Single binary. Minimal hardware. Maximum context efficiency.
Every token counts — Zeph makes sure none are wasted.

Why Zeph

Most AI agent frameworks dump every tool description, skill, and raw output into the context window — and bill you for it. Zeph takes the opposite approach: automated context engineering. Only relevant data enters the context. The result — lower costs, faster responses, and an agent that runs on hardware you already have.

Semantic skill selection — embeds skills as vectors, retrieves only top-K relevant per query instead of injecting all
Smart output filtering — command-aware filters strip 70-99% of noise before context injection; oversized responses offloaded to filesystem
Resilient context compaction — reactive retry on context overflow, middle-out progressive tool response removal, 9-section structured compaction prompt, LLM-free metadata fallback
Tool-pair summarization — when visible tool call/response pairs exceed a configurable cutoff, the oldest pair is summarized via LLM and originals hidden from context
Accurate token counting — tiktoken-based cl100k_base tokenizer with DashMap cache replaces chars/4 heuristic
Proportional budget allocation — context space distributed by purpose, not arrival order
Optimized agent loop hot-path — compaction check is O(1) via cached token count; EnvironmentContext built once at bootstrap and partially refreshed on skill reload; doom-loop hashing done in-place with no intermediate allocations; token counting for tool output pruning reduced to a single call per part

Installation

Tip

curl -fsSL https://github.com/bug-ops/zeph/releases/latest/download/install.sh | sh

Other methods

cargo install zeph                                        # crates.io
cargo install --git https://github.com/bug-ops/zeph      # from source
docker pull ghcr.io/bug-ops/zeph:latest                  # Docker

Pre-built binaries: GitHub Releases · Docker guide

Quick Start

zeph init          # interactive setup wizard
zeph               # run the agent
zeph --tui         # run with TUI dashboard

Full setup guide → · Configuration reference →

Key Features


Hybrid inference	Ollama, Claude, OpenAI, Candle (GGUF), any OpenAI-compatible API. Multi-model orchestrator with fallback chains.

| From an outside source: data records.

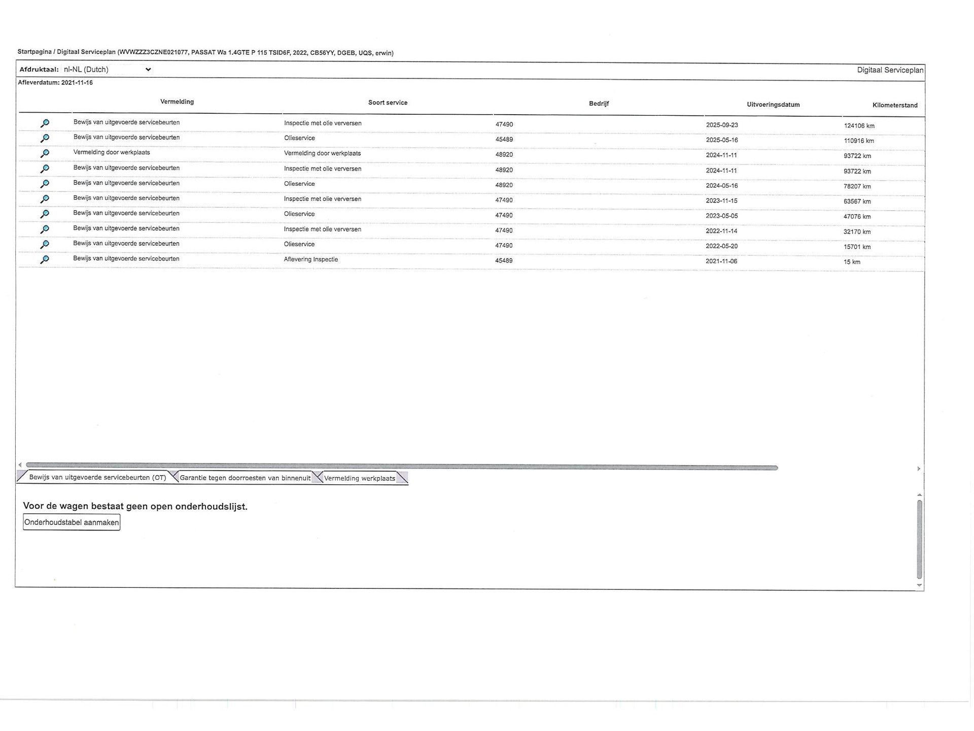 - Onderhoudsboekje aanwezig?
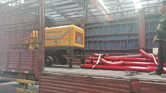 混凝土輸送泵應安放在堅實平整的地面,放下支腿,將機身安放平穩(wěn)。
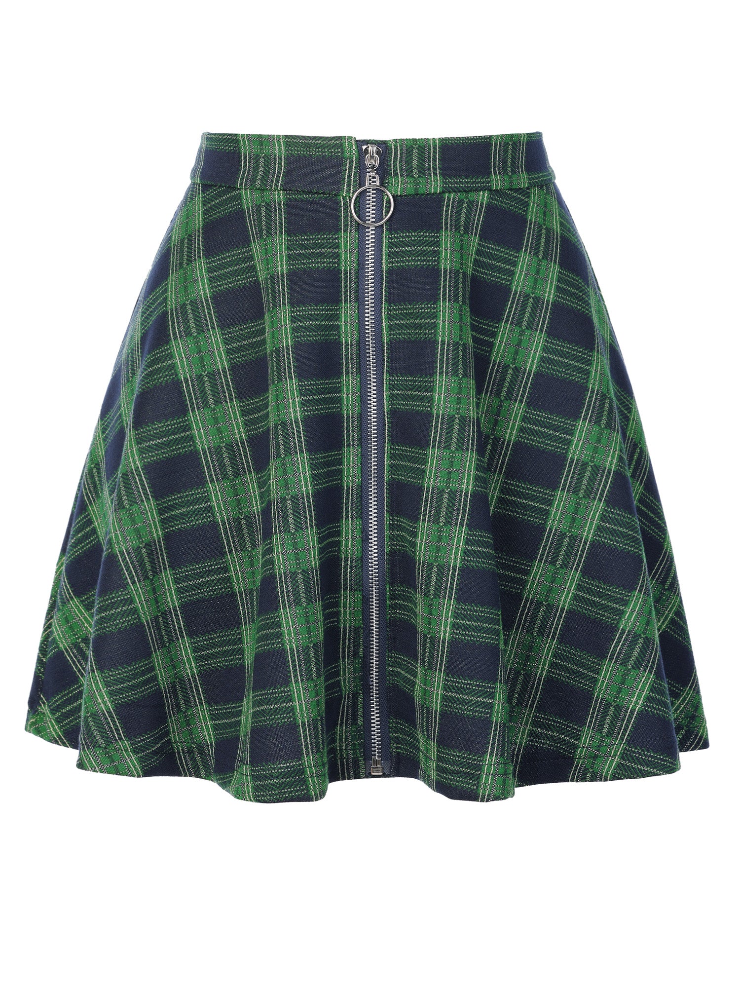 Minifalda acampanada informal de cintura alta con diseño a cuadros para mujer, con cremallera y corte A
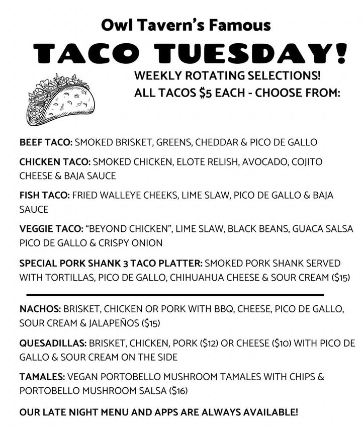 Back To Homepage See you for dinner? The pork shank taco platter is on the menu!!! Hooray! View Full Post On Facebook π£π Fish Fry Friday! Andβ¦ π₯ roll... π£π Fish Fry Friday! Andβ¦ π₯ roll please π₯Owl Tavern Bourbon is HERE! πΆββοΈ π Try her neat or a couple cubes or Our new Owlβd Fashioned & then buy a bottle! (We have them… Guess what we are doing this sno... Guess what we are doing this snowy morning? Squee! Bourbon today! See you after 3! Swoop on in π¦π₯! View Full Post On Facebook Thirsty Throw Back Thursday star... Thirsty Throw Back Thursday starts today @3! π₯³$2 throw backπΊβs! Oldstyle! Hamms! Schlitz! Montucky! Hungry? π€€ πΆοΈ Pork Chili (red) π₯£ Beef vegetable with dumplings βοΈ Fried Chicken Sammy w/Mayo & Pickles βοΈ Fried Cod… Wow! 50Β° yesterday to 21Β° today!... Wow! 50Β° yesterday to 21Β° today! Come. Warm. Those. Tootsies tonight w/us at Owl Tavern! π₯ π₯ π₯ π₯ Pork Chili (red) πΆοΈ Beef vegetable w/dumplings π₯© Italian beef w/cheese n gardinara! π Fried cod… See you after 3 yum π See you after 3 yum π View Full Post On Facebook
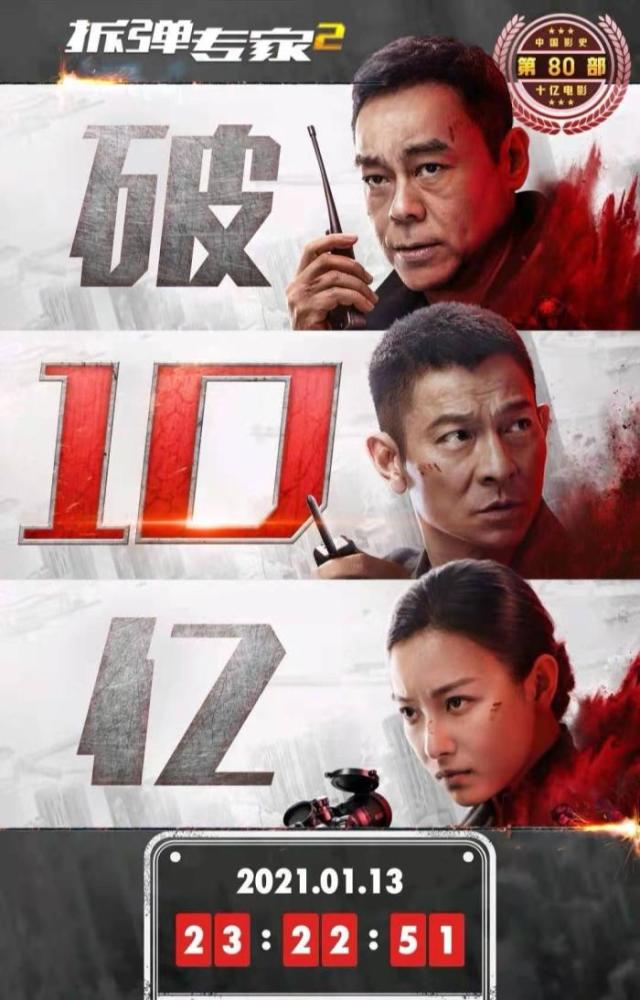 截止到一月十三号晚11点22分,由邱礼涛导演,刘德华 、刘青云、倪妮领衔主演的警匪犯罪片《拆弹专家》2的内地票房正式突破十亿票房大关。凭此成绩,该片不但成为了“中国影史”第80部十亿级别的电影,而且也成为第五部内地票房超十亿的“香港电影”!
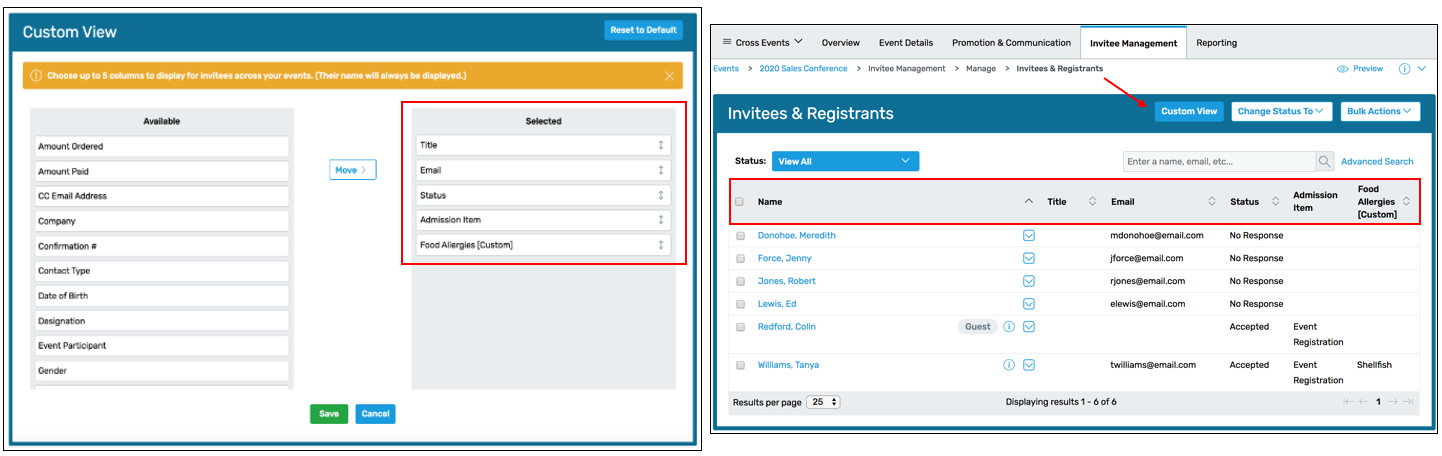 Custom View for Invitees & Registrants Page: You can now customize the Invitees & Registrants page to show the information you want to see in both Classic and Flex events! You can choose up to five columns, and this view will only apply to you (other users can choose their own columns). If you ever want to go back to the original view, you can always click the "Reset to Default" button in the top right corner.
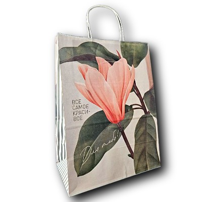 Пакет бумажный 100 г/м2 ПЗБМ крученые ручки 350*260*150 Цветы 2
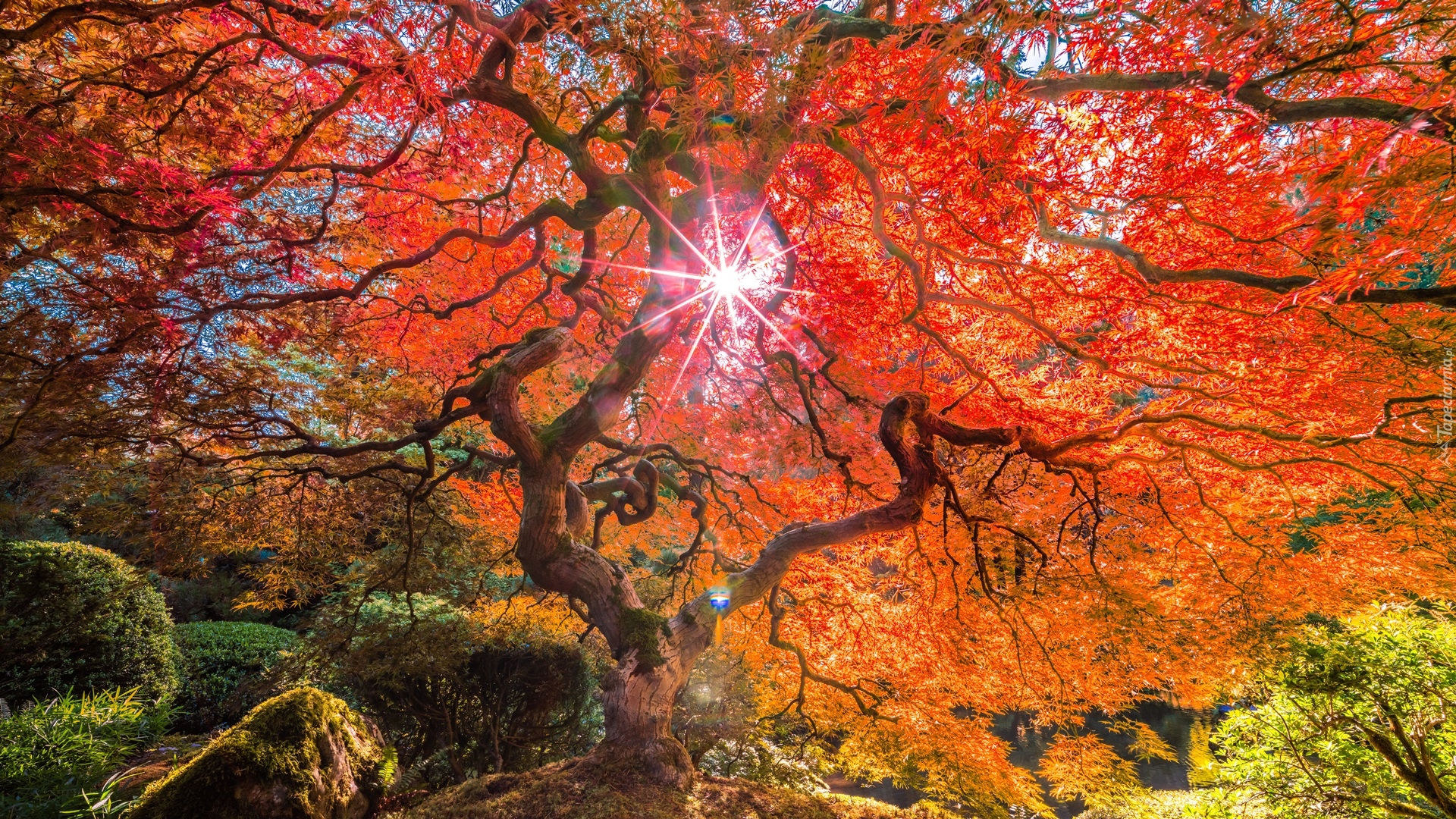 Edytor tapety: Promienie słońca pomiędzy gałęziami klonu

Response cache with blake3 hashing and TTL. Ollama native tool calling via `llm.ollama.tool_use = true`
Skills-first architecture	YAML+Markdown skill files with semantic matching, self-learning evolution, 4-tier trust model, and compact prompt mode for small-context models
Semantic memory	SQLite + Qdrant (or embedded SQLite vector search) with MMR re-ranking, temporal decay scoring, resilient compaction (reactive retry, middle-out tool response removal, 9-section structured prompt, LLM-free fallback), durable compaction with message visibility control, tool-pair summarization (LLM-based, configurable cutoff), credential scrubbing, cross-session recall, vector retrieval, autosave assistant responses, snapshot export/import, configurable SQLite pool, background response-cache cleanup, and native `memory_search`/`memory_save` tools the model can invoke explicitly
Multi-channel I/O	CLI, Telegram, Discord, Slack, TUI — all with streaming. Vision and speech-to-text input
Protocols	MCP client (stdio + HTTP), A2A agent-to-agent communication, ACP server for IDE integration (stdio + HTTP+SSE + WebSocket, multi-session with LRU eviction, persistence, idle reaper, permission persistence, multi-modal prompts, runtime model switching, session modes (ask/architect/code), MCP server management via `ext_method`, session export/import, tool call lifecycle notifications, terminal command timeout with kill support, `UserMessageChunk` echo, `ext_notification` passthrough, `list`/`fork`/`resume` sessions behind unstable flags), sub-agent orchestration with zero-trust secret delegation. MCP tools exposed as native `ToolDefinition`s — used via structured tool_use with Claude and OpenAI
Defense-in-depth	Shell sandbox (blocklist + confirmation patterns for process substitution, here-strings, eval), tool permissions, secret redaction, SSRF protection (HTTPS-only, DNS validation, address pinning, redirect chain re-validation), skill trust quarantine, audit logging. Secrets held in memory as `Zeroizing<String>` — wiped on drop
TUI dashboard	ratatui-based with syntax highlighting, live metrics, file picker, command palette, daemon mode
Single binary	~15 MB, no runtime dependencies, ~50ms startup, ~20 MB idle memory

Architecture → · Feature flags → · Security model →

IDE Integration (ACP)

Zeph implements the Agent Client Protocol — use it as an AI backend in Zed, Helix, VS Code, or any ACP-compatible editor via stdio, HTTP+SSE, or WebSocket transport.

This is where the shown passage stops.